Hundreds of parish leadership teams from across Canada and the United States have attended Amazing Parish conferences in Denver and Detroit. Lencioni and Martin are planning a conference next March in Atlanta that they hope will draw 250 parish leadership teams and 1,500 people.
“It will be our largest one yet,” said Lencioni, a New York Times best-selling author who founded The Table Group, a California-based business consulting firm.
Martin and Lencioni, both devout Catholics, were feeling moved by the Holy Spirit a few years ago to do something important for the Church. They were brought together by a mutual friend, Curtis Martin, the founder and chief executive of the Fellowship of Catholic University Students (FOCUS).
Lencioni took a flight from California to Denver in early 2013 to meet John Martin for the first time. Sitting together in Martin’s kitchen, they didn’t know ahead of time what they were going to be talking about — or even why they were meeting.

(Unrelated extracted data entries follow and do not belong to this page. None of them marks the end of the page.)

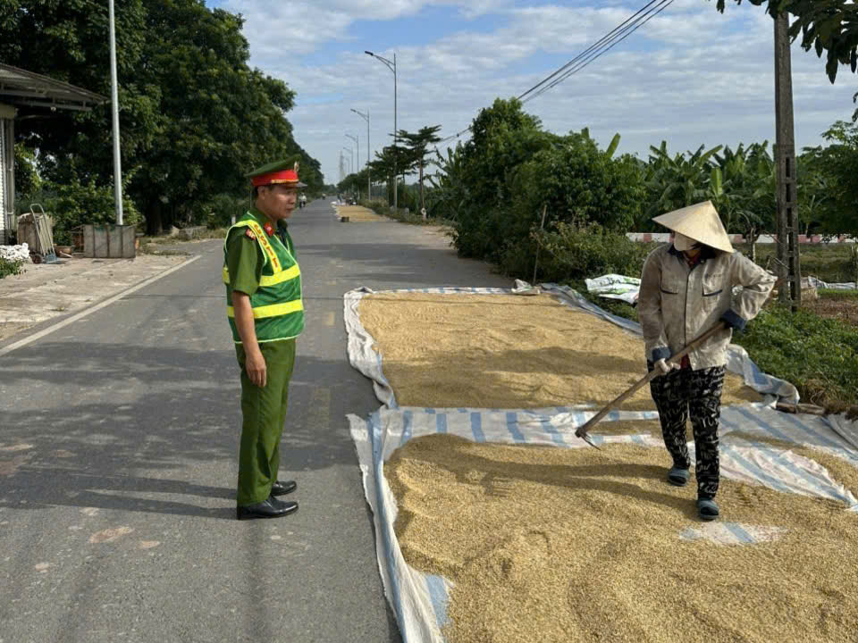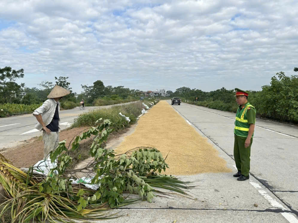 Hiện nay, các hộ dân trên địa bàn toàn xã đang bắt đầu vào mùa thu hoạch lúa vụ Hè Thu năm 2025. Vì vậy, một số hộ dân phơi rơm, đốt rơm, phơi thóc, lúa trên các tuyến đường giao thông, gây nguy hiểm cho người tham gia giao thông; cùng với việc phơi nông sản, người dân còn dùng gạch, đá và các loại vật dụng khác ngăn đường không cho bánh xe đi vào. Điều này tăng nguy cơ tiềm ẩn mất an toàn giao thông đường bộ.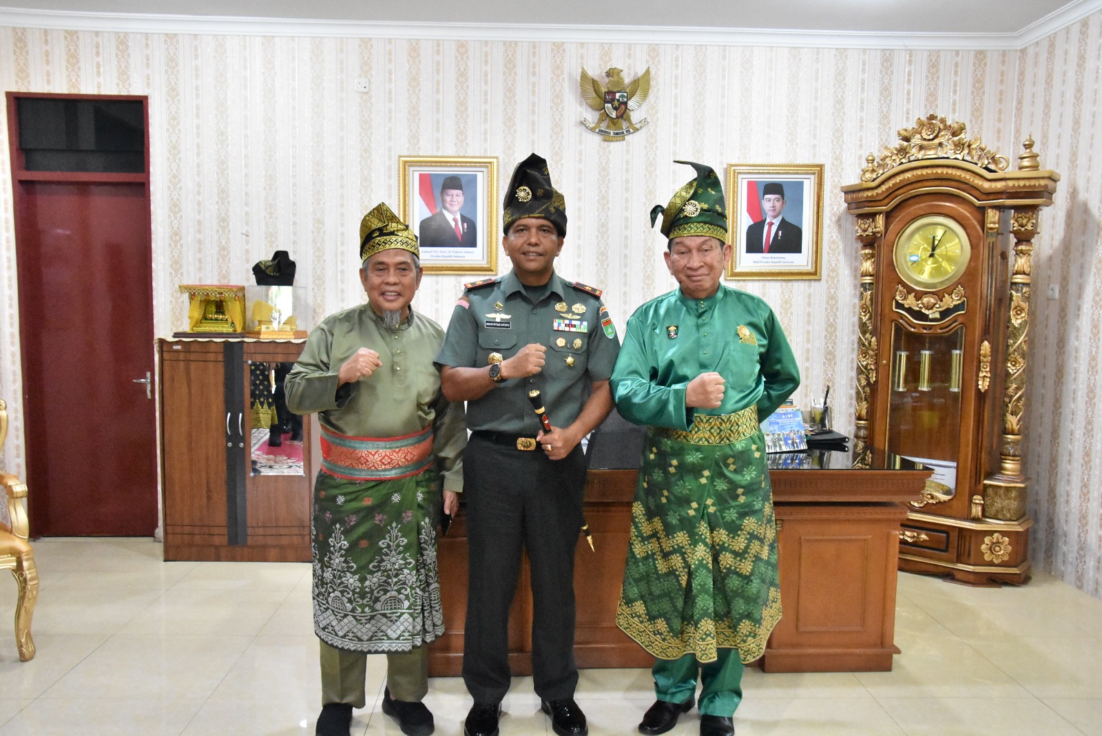 Komandan Korem 031/Wira Bima, Brigjen TNI Agustatius Sitepu, melaksanakan kunjungan silaturahmi ke Lembaga Adat Melayu Riau (LAMR) sebagai bentuk komitmen memperkuat sinergi antara TNI dan lembaga adat dalam menjaga serta melestarikan nilai-nilai budaya Melayu Riau. (Foto. Asarpua.com/ humas)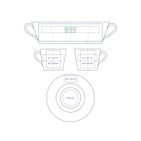 Subtelna filiżanka wykonana z wysokiej jakości porcelany. Jej proste ścianki doskonale wyeksponują naniesione zdobienie. Posiada prosty spodek, który nadaje się do wielokolorowych nadruków.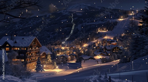 © Bale, Fototapeta premium Ski resort at night

“John’s wife Mari Ann came down and asked, ‘What is this all about?’” Lencioni recalled. “We said, ‘We don’t know. We think we’re supposed to do something together.’”
The picture began to emerge when the pair drove to FOCUS’ headquarters to meet with Curtis Martin, also a member of Legatus’ Denver Chapter. Together they went to Mass, and during their subsequent meeting, the news broke that Pope Francis had been elected in Rome.
“In hindsight, we both see the hand of the Holy Spirit in it,” John Martin said.
“Things just started to happen from there,” said Lencioni, adding that he and Martin went to a coffee shop in Denver a short time later with some like-minded people and started brainstorming on how they could help the Church.
The group asked themselves a simple question: What is the greatest need of the Catholic Church that we would have a reasonable probability of creating something that could address that need?
“We spent two days praying about that, whiteboarding about that, thinking, trying to figure out what we could do to help the Church grow, to stop the decline, to help the Church become evangelistic and have a missionary outreach,” John Martin explained.
The answer soon revealed itself, addressing the area where Catholics most directly interact with the universal Church: their local parish.
“The parishes are like the outposts of the Great Commission,” said Lencioni, who explained that the group wanted to be obedient to what they discerned the Holy Spirit was saying to them.
The next step was figuring out how to strengthen parishes. About a month later, Martin and Lencioni convened a larger group of people from various Catholic ministries and organizations. They spent two days asking themselves what constituted an amazing parish.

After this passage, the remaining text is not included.